Assignment 4: Persuasive Paper Part 2: Solution and Advantages

Running head: Should taxes on people making over $250,000 a year be changed? 0


Assignment 2:  Persuasive Paper Part 1: A Problem Exists 

Gregory Best

Dr. Roger Fontana

ENG 215

8/5/17

Should taxes on people making over $250,000 a year be changed?: Problem Identification and Proposed Solution

Income and wage inequalities are significantly higher in the United States than in other developed economies such as European nations Australia. The existence of this inequality gap has further broadened in the first periods as the country witnessed a sharp increase in wage inequality, while European nations have only seen modest changes (Guvenen, Kuruscu & Ozkan, 2013). Taxation policies have a major role to play in exploring and understanding these realities. Moreover, fiscal policies in the country have been less efficacious in reducing income inequality. For instance, the tax and transfer mechanisms reduced the average Gini (the dissimilarity between the Ginis for market and disposable incomes). The ineffectiveness of tax and fiscal policies in minimizing income inequality is representative of both low tax and spending levels and progressive tax and spending mix. Increasing taxes for those who earn $250,000 and beyond can be an effective way to reduce income inequality in the United States.

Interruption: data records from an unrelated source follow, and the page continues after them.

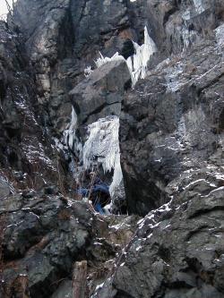 Byl docela tříštivý, pokrýval skálu poměrně tenkou skořápkou. Do ní se prakticky nedal zavrtat šroub tak, aby byl schopen zachytit případný pád. Jištění bylo na stoncích stromků ve stěně, ve spárkách pomocí smyček, vklíněnců, abalaků nebo friendů a v několika místech ve fixních skobách. Zhruba v polovině cesty byl štand - dvě skoby provázané smyčkou. Při lezení  se zimním kladivem, cepínem a mačkami jsem se hrabal potokem. Ač se mi původně šahat do vody vůbec v tom mrazu (- 5 st C) nechtělo, nakonec jsem byl dost promočený. Ale důležitější v danou chvíli bylo bezpečně lézt a jistit.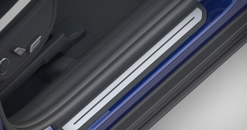 자동차를 타고 내리는 도어의 문틈 하부를 보호하는 도어스커프 부분을 메탈로 만들어 차체를 보호하고 고급스러운 감성을 전달합니다.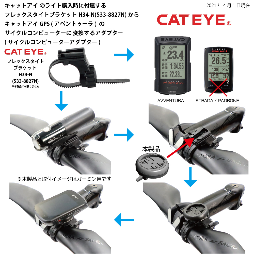 キャットアイのライト購入時に付属するフレックスタイトブラケット H34-N(533-8827N)からCATEYE GPS AVVENTURAのサイコンへ変換する為のサイクルコンピューターアダプター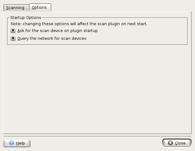 toggles the scanner selection dialog on and off. If there is a mark in this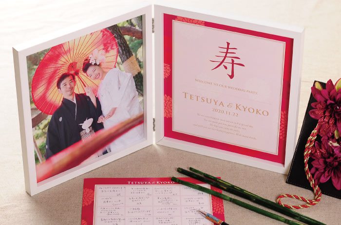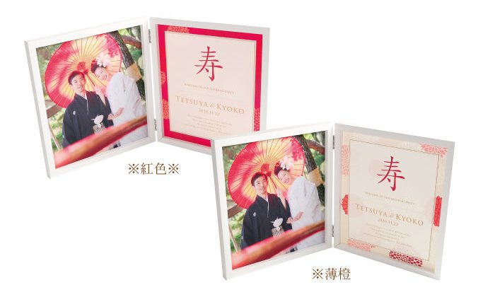 和婚にぴったりなモダンのデザイン。ぱきっとした紅色と、はんなり優しい薄橙の2色でご用意しています。ウエルカムボードにしたときも小さいながら負けないインパクトの「寿」がゲストをご案内。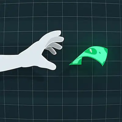 a cartoon character wearing headphones and green shirt with ear phones in front of a green background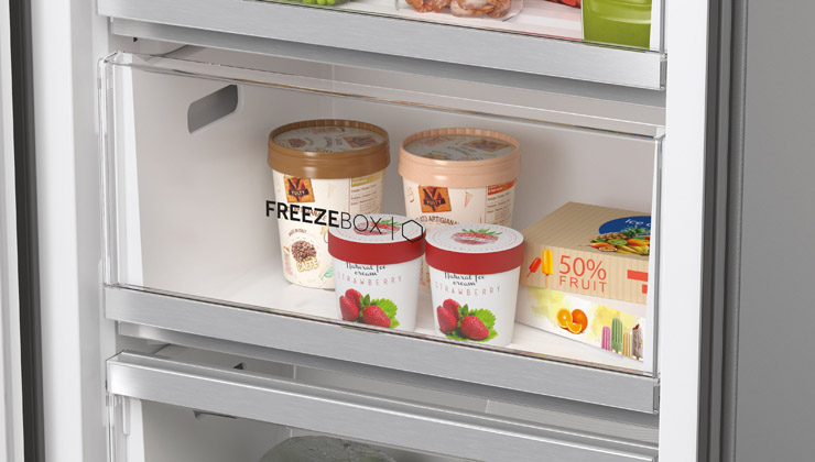 Місткі та прозорі шухляди гарантують винятково комфортне користування щодня. Конструкція висувних ящиків дозволяє їх легко виймати та легко переміщати, наприклад, на кухонну стільницю, щоб легко та швидко розмістити в них продукти, які потрібно заморозити, а потім знову помістити вже заповнені ящики в пристрій.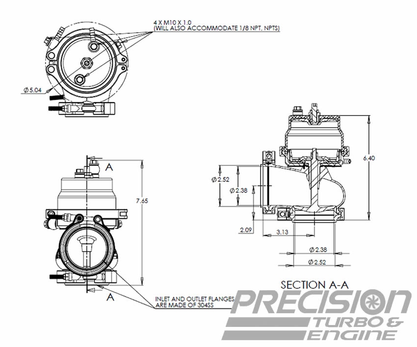 Technical drawing and sizing information for the PTE 66mm PW66 (PBO085-3000) external wastegate.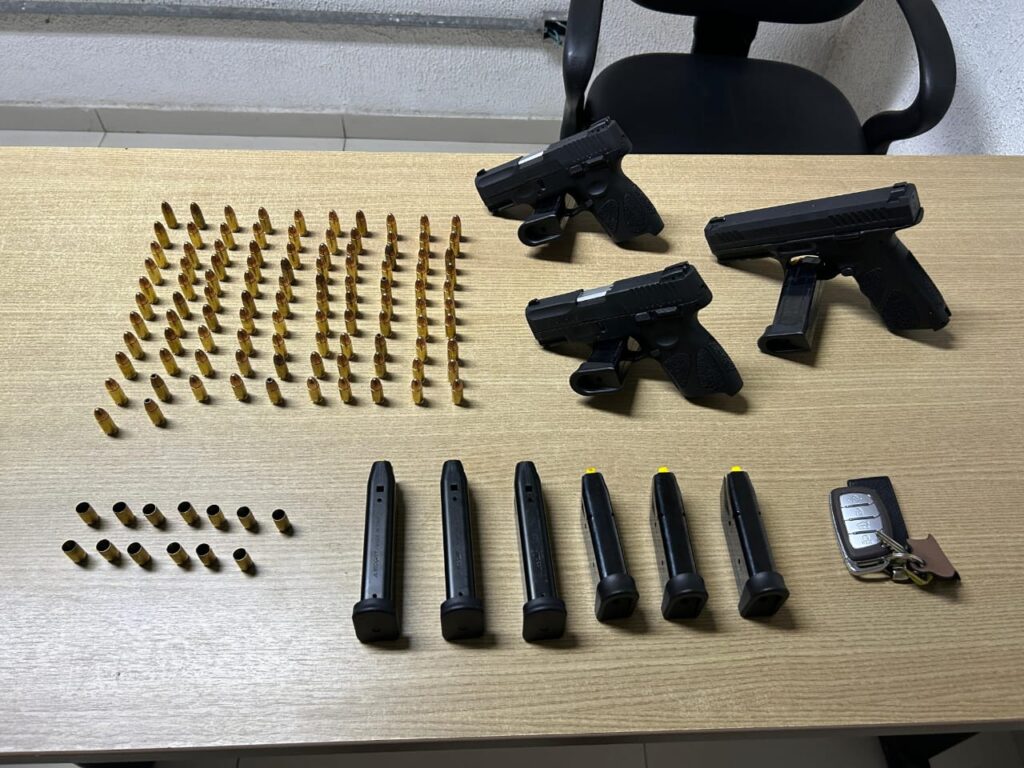Dentro do carro, os policiais apreenderam três armas de fogo, seis carregadores e diversas munições, sendo algumas já deflagradas e outras ainda intactas. O homem foi preso em flagrante e levado, junto com todo o material, para a Central de Polícia, no bairro do Geisel, onde permanece à disposição da Justiça.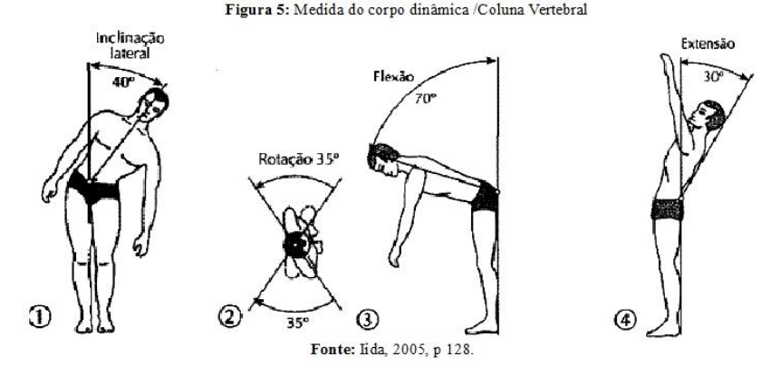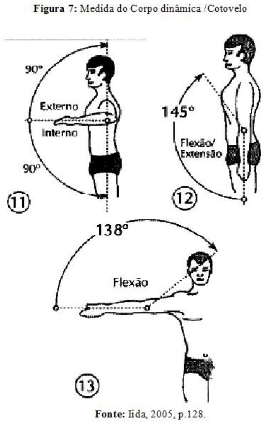 As Figuras 5, 6, 7 e 8 demonstram o mesmo conceito mas sob a ótica de Iida, sendo que este autor subdivide as medições em: movimentos da coluna vertebral, do ombro, do cotovelo e do quadril e joelhos.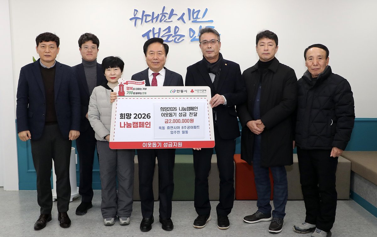 권기창 안동시장은 “매년 귀한 마음을 모아 전해주시는 옥동 휴먼시아 8단지 주민분들께 깊이 감사를 전하고, 기부해 주신 귀한 성금은 우리 시 취약계층 대상자들이 따뜻한 연말을 보낼 수 있도록 잘 전달하겠다”고 전했다.

Problem that Needs to be Addressed

Even during periods of economic prosperity, the United States still has a significant population of poor people. In such an affluent economy like the United States, poverty is still a permanent fixture. In order to understand the persistence of poverty, it is important to examine the present imbalances in income and wealth distribution, the structural and dominant cultural beliefs, and policies that are helpful in encouraging it (Coady & Gupta, 2012). One of the possible reasons why poverty is so persistent in the country is the ways in which income and wealth are distributed. The existence of a wide income gap between the richest and poorest segments of the populace has been significantly growing over the last ten years, though the recent recession might have reduced this pattern by a mere bite out of the sources of income that are present among the very wealthy, such as stock dividends and real estate.

One of the causes of income inequality is poor tax policies. For instance, those who earn more than $250000 pay proportionately less taxes than those who earn less than $250000. In addition, the average American company head earns more than ten million dollars annually, while some of the lowest paid individuals in an organization may go home with only $5000 a year. While policymakers may believe that personal efforts and hard work primarily determine the success of an individual, it is hard to believe that a company executive works over two hundred times harder than a casual or junior employee who assembles products and deals with consumers.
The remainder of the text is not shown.